Elle-même victime d’un braquage perpétré par un homme avec un faux pistolet qui voulait notamment du Dilaudid, Mme Rousseau a mobilisé plusieurs acteurs de sa région pour prévenir une crise des opioïdes et ses contrecoups.

La pharmacienne a interpellé le député local, Sylvain Gaudreault. Et bien vite, la Sûreté du Québec, la Sécurité publique de Saguenay, le Centre de réadaptation en dépendance (CRD), des organismes communautaires et plusieurs pharmaciens de Jonquière ont rassemblé leurs forces pour mettre sur pied le Comité action prévention opioïdes (CAPO). 

Réflexion bien amorcée

Guylaine Rousseau estime que la réflexion est très bien amorcée en ce qui concerne les stratégies de prévention «à la source». La réflexion sur les mesures de sécurité à mettre en place dans les pharmacies est toutefois plus embryonnaire. 

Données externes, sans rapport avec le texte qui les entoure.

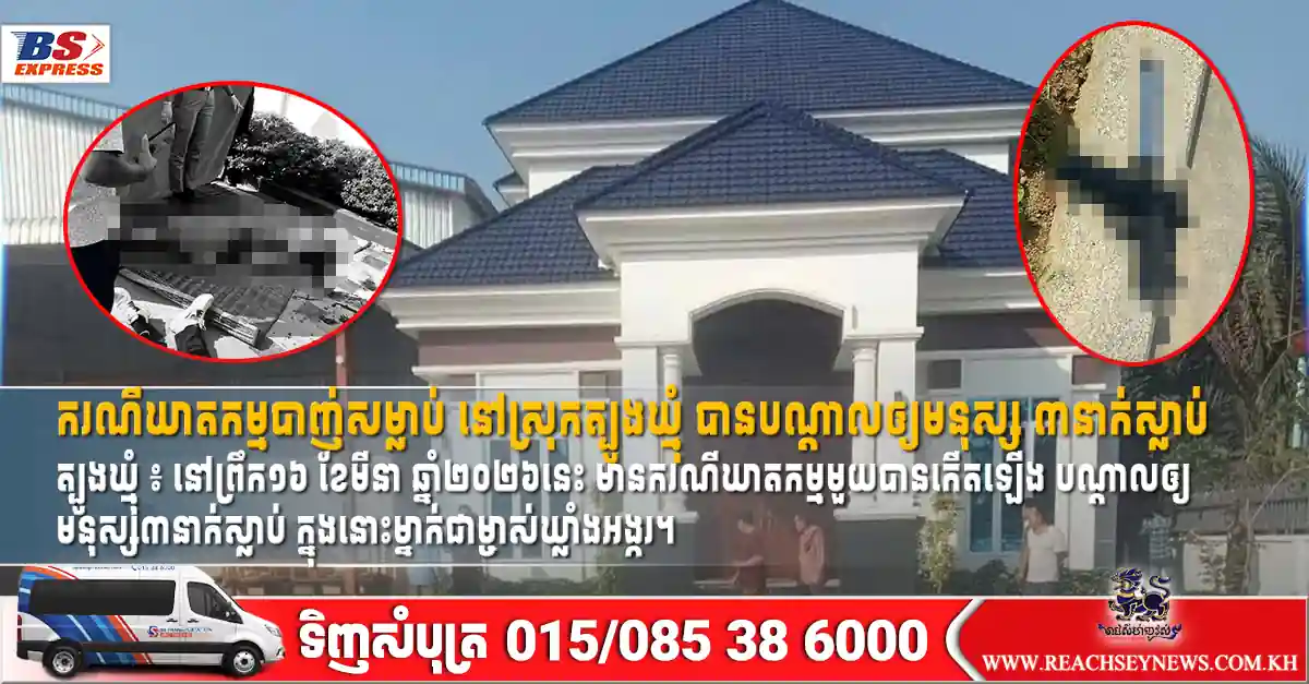ត្បូងឃ្មុំ ៖ នៅព្រឹក១៦ ខែមីនា ឆ្នាំ២០២៦នេះ មានករណីឃាតកម្មមួយបានកើតឡើង បណ្ដាលឲ្យមនុស្ស៣នាក់ស្លាប់ ក្នុងនោះម្នាក់ជាម្ចាស់ឃ្លាំងអង្ករ។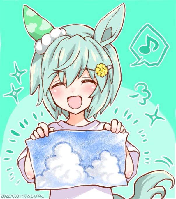 画用紙いっぱいに空の絵を描いた 小学生セイちゃんです☺️🎨📔 #ウマ娘版深夜のお絵描き60分一本勝負 #ウマ娘版深夜のお絵描き60分一本勝負_20220831 #ウマ娘 #ウマ娘プリティーダービー お題 【夏休みの宿題】 #セイウンスカイ
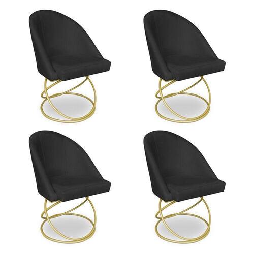 Kit 04 Cadeiras Poltrona De Jantar Bela Veludo Preto Base Metálica Luxo Dourado - Pallazio
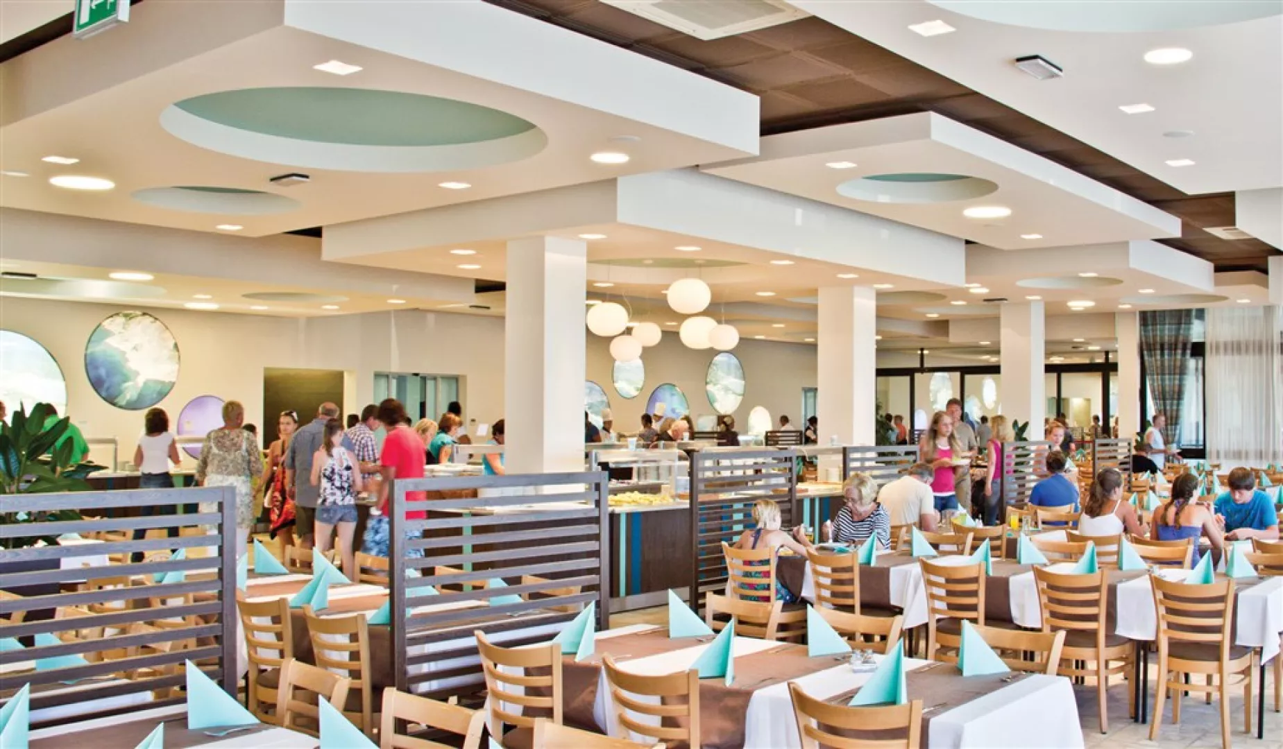 Stravovanie je zabezpečené formou polpenzie, s raňajkami a večerami podávanými v bufetovom štýle v centrálnej reštaurácii. K večeri sú k dispozícii čapované nápoje (červené/biele víno, pivo, nealkoholické nápoje).

Mme Rousseau se demande notamment si les pharmacies ne pourraient pas s’inspirer des banques pour apprendre à mieux faire face aux braquages. 

Un an et demi après le lancement du CAPO, elle redoute une autre vague de vols de narcotique dans les pharmacies de Jonquière. «C’est pour ça qu’il faut continuer à travailler», dit-elle.